Prendiamo ad esempio due settori in cui lo stato continua ad operare i suoi guasti:

  • i mezzi e le forme dello scambio:
  • i mezzi e le forme dell’istruzione.

Praticamente tutti noi che siamo arcistufi dello stato monopolista e sfruttatore, continuiamo a utilizzare strumenti di pagamento forniti (o meglio imposti) dallo stato. Inoltre, quasi tutti noi abbiamo frequentato scuole statali e, coloro che hanno figli, continuano a mandare i loro figli in scuole statali, o in scuole i cui programmi sono dettati dallo stato.

Questa è purtroppo la situazione attuale nella quasi generalità dei casi.

Comunque, il problema non è soltanto che molti si trovano costretti ad accettare una realtà a loro profondamente sgradita. Il problema più serio deriva dal fatto che, a fronte di una marea infinita di discorsi ideologici, di imprecazioni rabbiose, di parole durissime contro mille bersagli di natura diversa, poco o nulla è stato espresso e realizzato riguardo alla pratica, sperimentazione e costruzione di mezzi di pagamenti e di modelli educativi alternativi. Arrivo a dire che anche il dibattito su tutto ciò è addirittura quasi inesistente. Si è più portati a discutere di signoraggio, di crollo dell’euro e di ritorno alla lira, di anarco-comunismo e di anarco-capitalismo, di scuola Austriaca e di Milton Friedman, piuttosto che far partire una serie di progetti sperimentali che ci portino al di là della carta straccia prodotta dallo stato (nota sotto il nome di moneta a corso legale), e della spazzatura propagandistica fatta circolare dallo stato (nota sotto il nome di istruzione pubblica).
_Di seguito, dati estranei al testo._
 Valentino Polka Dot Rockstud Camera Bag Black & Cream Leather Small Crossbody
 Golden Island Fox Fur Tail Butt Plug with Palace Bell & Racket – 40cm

Purtroppo, lottare contro il vecchio attraverso il chiacchiericcio politico-ideologico serve solo a logorare gli individui e a perpetuare il potere; quello di cui c’è bisogno è la creazione e attuazione del nuovo di modo che il vecchio risulti poi, nei fatti, accantonato e superato definitivamente.

Invece, se la politica e il giornalismo, basati entrambi sulla produzione di aria fritta, continuano a farla da padroni anche presso coloro che si rifiutano di sottostare ai padroni, io credo che non ci sia da farsi molte illusioni in termini di liberazione dallo stato padronale.

Ad ogni modo, essendo la speranza l’ultima a morire, ed essendo la voglia di liberazione qualcosa che, per taluni, non potrà mai finire, suggerisco di iniziare a occuparci attivamente di questi temi (mezzi di scambio, mezzi di istruzione) per arrivare poi a definire e a far partire progetti sperimentali concreti al riguardo.

A tale proposito vorrei formulare nei mesi a venire alcune proposte che vadano poi a costituire una Agenda di cose da fare e che tutto ciò, nella migliore delle ipotesi, stimoli o sfoci, prima o poi, in interventi sperimentali concreti.